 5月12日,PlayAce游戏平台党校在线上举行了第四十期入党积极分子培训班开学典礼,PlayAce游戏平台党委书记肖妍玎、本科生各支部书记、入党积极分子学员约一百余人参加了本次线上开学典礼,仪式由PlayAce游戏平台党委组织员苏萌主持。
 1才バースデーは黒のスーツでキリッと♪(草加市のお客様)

________________________________________

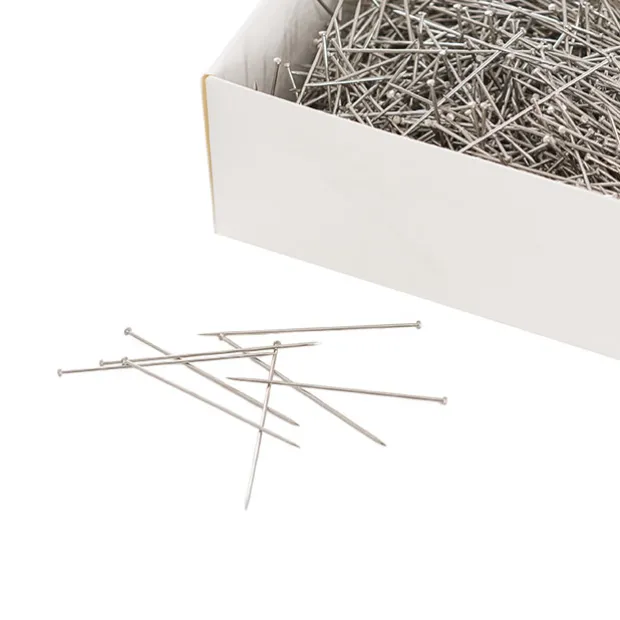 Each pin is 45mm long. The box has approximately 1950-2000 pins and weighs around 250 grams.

________________________________________

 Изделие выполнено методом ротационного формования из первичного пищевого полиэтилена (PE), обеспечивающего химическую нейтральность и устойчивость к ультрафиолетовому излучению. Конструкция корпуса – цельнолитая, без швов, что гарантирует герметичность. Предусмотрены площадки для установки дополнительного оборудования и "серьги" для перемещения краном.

________________________________________

* _EXERCISE DETAILS_
Referring to the material above, set down exactly the lines between the line with "5月12日,PlayAce游" and the line with "1才バースデーは黒のスーツでキリッと♪(草加市のお客様)", inclusive, and no other lines.

* _RESULT FOR THIS EXERCISE_
 5月12日,PlayAce游戏平台党校在线上举行了第四十期入党积极分子培训班开学典礼,PlayAce游戏平台党委书记肖妍玎、本科生各支部书记、入党积极分子学员约一百余人参加了本次线上开学典礼,仪式由PlayAce游戏平台党委组织员苏萌主持。
 1才バースデーは黒のスーツでキリッと♪(草加市のお客様)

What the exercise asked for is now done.